152. Il Protocollo sull’applicazione dei principi di sussidiarietà e di proporzionalità (115) prevede che l’azione a livello comunitario è giustificata se «gli obiettivi dell’azione proposta non possono essere sufficientemente realizzati con l’azione degli Stati membri nel quadro dei loro sistemi costituzionali nazionali e perciò possono dunque essere meglio conseguiti mediante l’azione da parte della Comunità». Esso fornisce altresì i seguenti principi guida da utilizzare nella verifica del rispetto di tale condizione: (i) la questione in esame presenta aspetti transnazionali che non possono essere disciplinati in maniera soddisfacente mediante l’azione degli Stati membri; (ii) le azioni dei soli Stati membri o la mancanza di un’azione comunitaria sarebbero in conflitto con le prescrizioni del Trattato o comunque pregiudicherebbero in modo rilevante gli interessi degli Stati membri; (iii) l’azione a livello comunitario produrrebbe evidenti vantaggi per la sua dimensione o i suoi effetti rispetto all’azione a livello di Stati membri.

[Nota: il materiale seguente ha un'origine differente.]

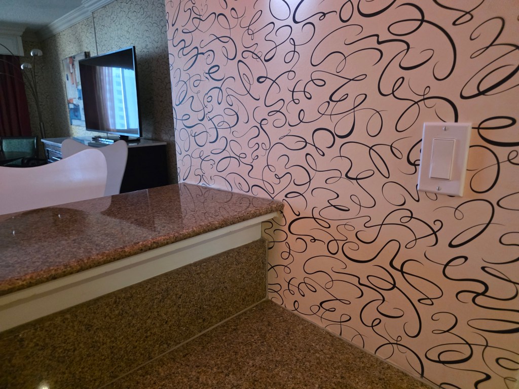 My wife booked the room so we could be close to a part of Las Vegas that we have not explored very much in the past. The room was a suite, so it had a living room and kitchenette, separate from the bedroom. The bed was comfortable, room service was good and the shower was hot. So far, so good.

153. Invito il legislatore comunitario e gli Stati membri a riflettere sull’applicazione dei suddetti criteri alla circolazione degli studenti tra gli Stati membri (116).

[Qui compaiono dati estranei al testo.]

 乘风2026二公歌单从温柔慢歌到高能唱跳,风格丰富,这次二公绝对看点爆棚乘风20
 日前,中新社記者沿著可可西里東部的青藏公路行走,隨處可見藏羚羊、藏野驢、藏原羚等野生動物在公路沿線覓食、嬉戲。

154. Infine, rammento che tra gli obiettivi della Comunità indicati all’art. 2 CE figura quello di promuovere la solidarietà tra gli Stati membri e che questi ultimi hanno un obbligo reciproco di leale collaborazione ai sensi dell’art. 10 CE (117). Ritengo che siffatte disposizioni siano assai pertinenti nel caso di specie. Laddove i modelli linguistici e le diverse politiche nazionali sull’accesso all’istruzione superiore incoraggino una mobilità particolarmente massiccia di studenti, che provoca reali difficoltà allo Stato membro ospitante, spetta sicuramente allo Stato membro ospitante e a quello di provenienza cercare attivamente una soluzione negoziata conforme al Trattato.
Conclusione
155. Conseguentemente, ritengo che le questioni pregiudiziali sottoposte dalla Cour Constitutionnelle (Belgio) debbano essere risolte come segue:
Questioni nn. 1 e 2
Gli artt. 12, primo comma, e 18, n. 1, CE, in combinato disposto con gli artt. 149, nn. 1 e 2, secondo trattino, e 150, n. 2, terzo trattino, CE devono essere interpretati nel senso che ostano a misure come quelle contenute nel Décret régulant le nombre d’étudiants dans certains cursus de premier cycle de l’enseignement supérieur emanate dalla Comunità francese del Belgio.
Questione n. 3
La presa in considerazione degli artt. 149, n. 1, in fine, CE e 13, n. 2, lett. c), del Patto internazionale sui diritti economici, sociali e culturali non influisce sulla soluzione delle prime due questioni.